I’m patted down, wanded—
I can’t bring in a single thing
except a bag of coins.
In my brother’s house,
guests murmur like bystanders
of an accident. My brother’s
house has so many hoops
that by the time I jump
through them, it’s time
to take what’s left
of the coins and leave.
In My Brother’s House
Some scorching day in June,
twenty tons of potatoes—
the surplus of some other
prison’s garden— are trucked
in to my brother’s unit.
The kitchen’s menu amended,
potatoes mashed, boiled,
French fried, hashed, and slapped
onto cracked plastic trays.
Potatoes for every meal—
main course and both sides.
Three pounds of potatoes
a day for each man, useless
on the black market
for their plentitude.
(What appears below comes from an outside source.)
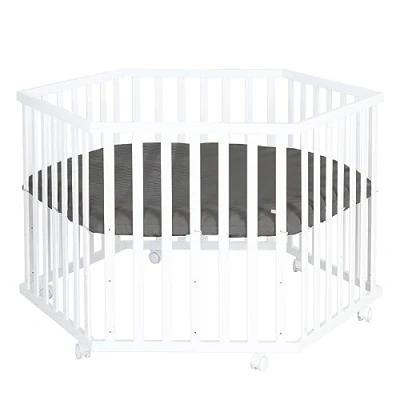 High-quality plaster: hexagonal wooden baby playpen – base material: plywood and lying surface: MDF – mobile thanks to 6 wheels including locking function – flat rods rounded, ecologically processed and splinter-free Includes protective insert: high-quality, padded insert in the design 'graphite quilted' included. Outer material: vegan leather (PU leather). Inner lining: polyester fleece (approx. 2 cm thick) - easy to clean with a damp cloth Height adjustable: the baby playpen can be easily adjusted to three different height levels, back-friendly for parents, growing construction for different development phases, age range: from 0 to 24 months Safe and certified: baby playpen developed according to current safety standard EN 12227:2010-12 – all paints used are food-safe, skin-friendly and are regularly checked during production – load capacity: 15 kg RUNCH SPECIFICATIONS: Dimensions: H 72.5 x W 118.5 x D 103.5 cm (rung spacing: 5.5 cm) - Height adjustment steps: 10, 25, 40 cm - Height of brake wheels: 5 cm - Colour: white lacquered wood - Protective insert: anthracite

My brother
stole one to have something
of his own, to watch it grow—
he let it sprout eyes and fur.
In My Brother’s House
I have come here today
to smuggle in contraband.
Blinking at me through
years-old contact lenses
the prison physician
refuses to replace,
he describes the heat,
the rodents, the insects
the size of rodents.
The months when every
meal was potatoes. I look
at him. He is tired, pallid under
his rough white jumpsuit.
We are chastised like unruly
children for sitting too close.
When our hour is almost up,
he rests his head in his hands,
removes the cloudy contacts
from his eyes, swaps them
for the lenses I’ve trafficked
in on mine. We’re both weeping
when it’s time to say goodbye.
Poem in Which I Set My Brothers on Fire
From their wreckage, I built a pyre—
our battered mother, the punch-
pocked walls of our old homes—
and bound them to it. With the pearls
they stole from our grandmother,
I adorned their necks, stuffed
their pockets with pilfered cash
so they could pay the ferryman.
Yes, I was euphoric as I drenched
them in gasoline. Yes, I was joyous
as I dragged the match. Yes, yes,
it ignited and they ignited, their flesh
smoking black. Yes— I warmed
my hands over the fire. I hummed
along to the symphony of them
begging for their lives.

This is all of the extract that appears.